College of Human Medicine, Michigan State University, University of Michigan Medical School, Ann Arbor, Michigan.
Departments of Urology, University of Michigan Medical School, Ann Arbor, Michigan.
J Urol. 2019 Feb;201(2):278-283. doi: 10.1016/j.juro.2018.08.081.
The GG (Grade Group) system was introduced in 2013. Data from academic centers suggest that GG better distinguishes between prostate cancer risk groups than the Gleason score (GS) risk groups. We compared the performance of the 2 systems to predict pathological/recurrence outcomes using data from the MUSIC (Michigan Urological Surgery Improvement Collaborative).

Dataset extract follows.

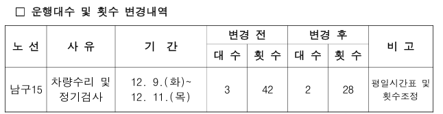 알림 2025년 12월 9일 ~ 11일 동안 남구15번이 차량 수리로 운행시간이 변경됩니다.

Patients who underwent biopsy and radical prostatectomy in the MUSIC from March 2012 to June 2017 were classified according to GG and GS. Outcomes included the presence or absence of extraprostatic extension, seminal vesical invasion, positive lymph nodes, positive surgical margins and time to cancer recurrence (defined as postoperative prostate specific antigen 0.2 ng/ml or greater). Logistic and Cox regression models were used to compare the difference in outcomes.

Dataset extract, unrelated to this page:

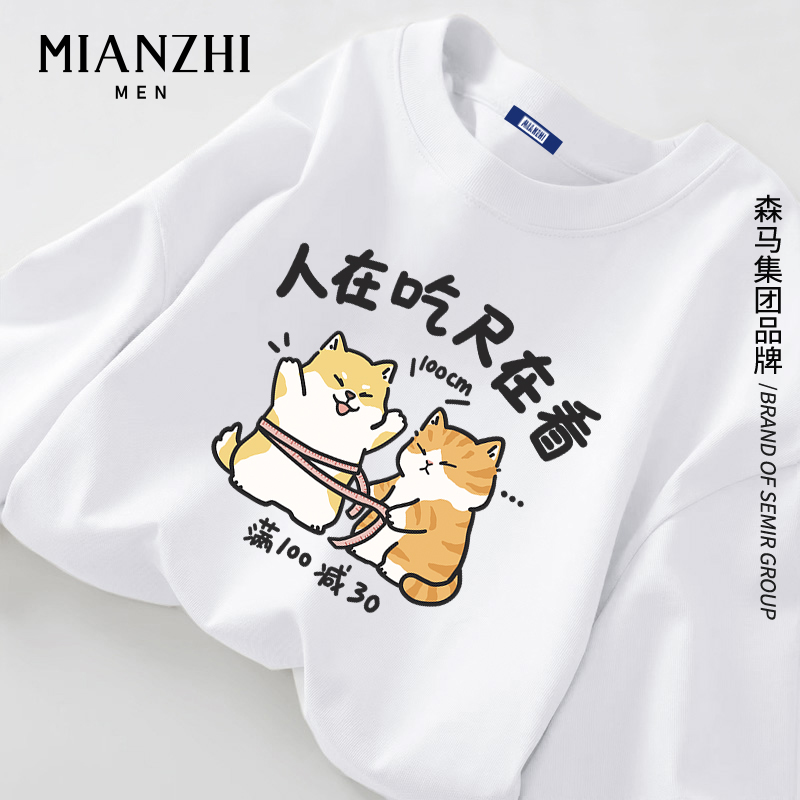 棉致纯棉米色长袖t恤男2025新款卡通趣味小狗青少年上衣

A total of 8,052 patients were identified. When controlling for patient characteristics, significantly higher risks of extraprostatic extension, seminal vesical invasion and positive lymph nodes were observed for biopsy GG 3 vs 2 and for GG 5 vs 4 (p <0.001). Biopsy GGs 3, 4 and 5 also showed shorter time to biochemical recurrence than GGs 2, 3 and 4, respectively (p <0.001). GGs 3, 4 and 5 at radical prostatectomy were each associated with a greater probability of recurrence compared to the next lower GG (p <0.001). GG (vs GS) had better predictive power for extraprostatic extension, seminal vesical invasion, positive lymph nodes and biochemical recurrence.
GG at biopsy and radical prostatectomy allows for better discrimination of recurrence-free survival between individual risk groups than GS risk groups with GGs 2, 3, 4 and 5 each incrementally associated with increased risk.
GG(分级组)系统于 2013 年推出。来自学术中心的数据表明,GG 比 Gleason 评分(GS)风险组更好地区分前列腺癌风险组。我们使用 MUSIC(密歇根大学泌尿外科手术改进协作)的数据比较了这两种系统预测病理/复发结果的性能。
根据 GG 和 GS 将 2012 年 3 月至 2017 年 6 月期间 MUSIC 中接受活检和根治性前列腺切除术的患者进行分类。结果包括是否存在前列腺外延伸、精囊侵犯、阳性淋巴结、阳性手术切缘以及癌症复发时间(定义为术后前列腺特异性抗原 0.2ng/ml 或更高)。使用逻辑和 Cox 回归模型比较结果差异。
共确定了 8052 名患者。在控制患者特征的情况下,活检 GG 3 与 2 相比和 GG 5 与 4 相比,发生前列腺外延伸、精囊侵犯和阳性淋巴结的风险明显更高(p<0.001)。活检 GGs 3、4 和 5 也比 GGs 2、3 和 4 显示出更早的生化复发时间(p<0.001)。根治性前列腺切除术中的 GGs 3、4 和 5 与下一个较低的 GG 相比,各自与更高的复发概率相关(p<0.001)。与 GS 风险组相比,GG(与 GS 相比)在预测前列腺外延伸、精囊侵犯、阳性淋巴结和生化复发方面具有更好的预测能力。
活检和根治性前列腺切除术中的 GG 允许更好地区分个体风险组之间的无复发生存率,而 GGs 2、3、4 和 5 每个递增组都与风险增加相关。